::: Dataset extract

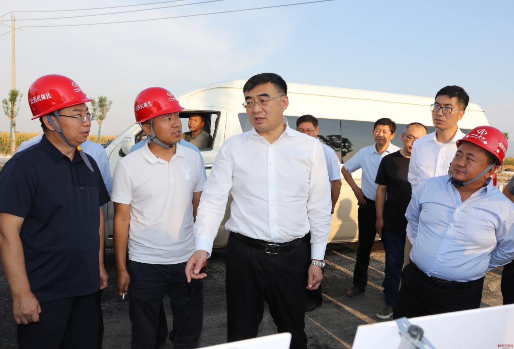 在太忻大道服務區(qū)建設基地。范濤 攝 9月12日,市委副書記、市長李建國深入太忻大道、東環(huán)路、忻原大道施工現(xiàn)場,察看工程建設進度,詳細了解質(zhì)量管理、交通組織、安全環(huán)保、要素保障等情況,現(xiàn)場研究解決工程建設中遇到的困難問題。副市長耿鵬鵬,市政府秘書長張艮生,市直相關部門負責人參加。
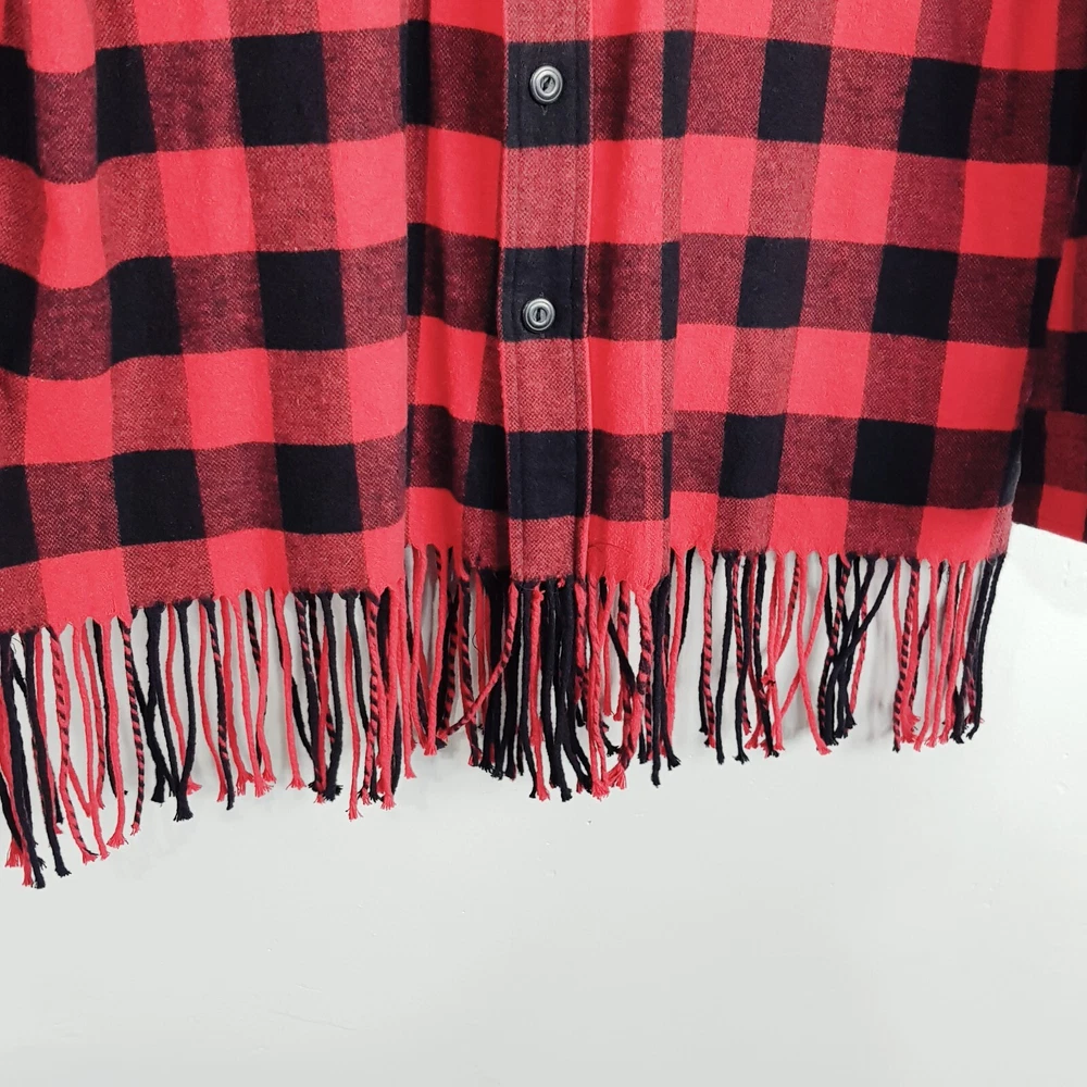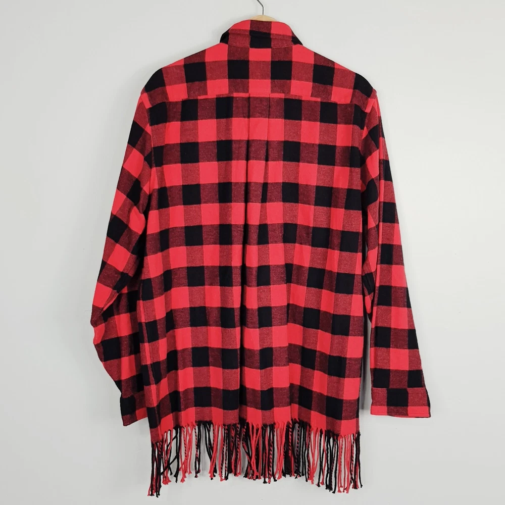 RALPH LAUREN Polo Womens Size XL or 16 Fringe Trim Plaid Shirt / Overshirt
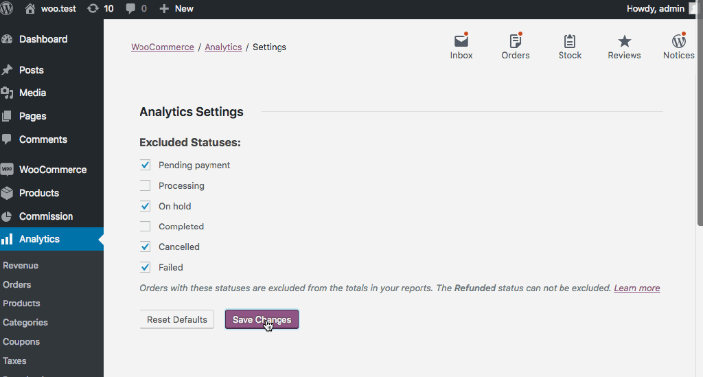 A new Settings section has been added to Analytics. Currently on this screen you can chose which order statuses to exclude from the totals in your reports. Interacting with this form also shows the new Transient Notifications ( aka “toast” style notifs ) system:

::::::

The line with "RALPH LAUREN Polo" ends the range, and the first line of the data begins it; repeat exactly those lines and nothing more, omitting pictures.

 在太忻大道服務區(qū)建設基地。范濤 攝 9月12日,市委副書記、市長李建國深入太忻大道、東環(huán)路、忻原大道施工現(xiàn)場,察看工程建設進度,詳細了解質(zhì)量管理、交通組織、安全環(huán)保、要素保障等情況,現(xiàn)場研究解決工程建設中遇到的困難問題。副市長耿鵬鵬,市政府秘書長張艮生,市直相關部門負責人參加。
 RALPH LAUREN Polo Womens Size XL or 16 Fringe Trim Plaid Shirt / Overshirt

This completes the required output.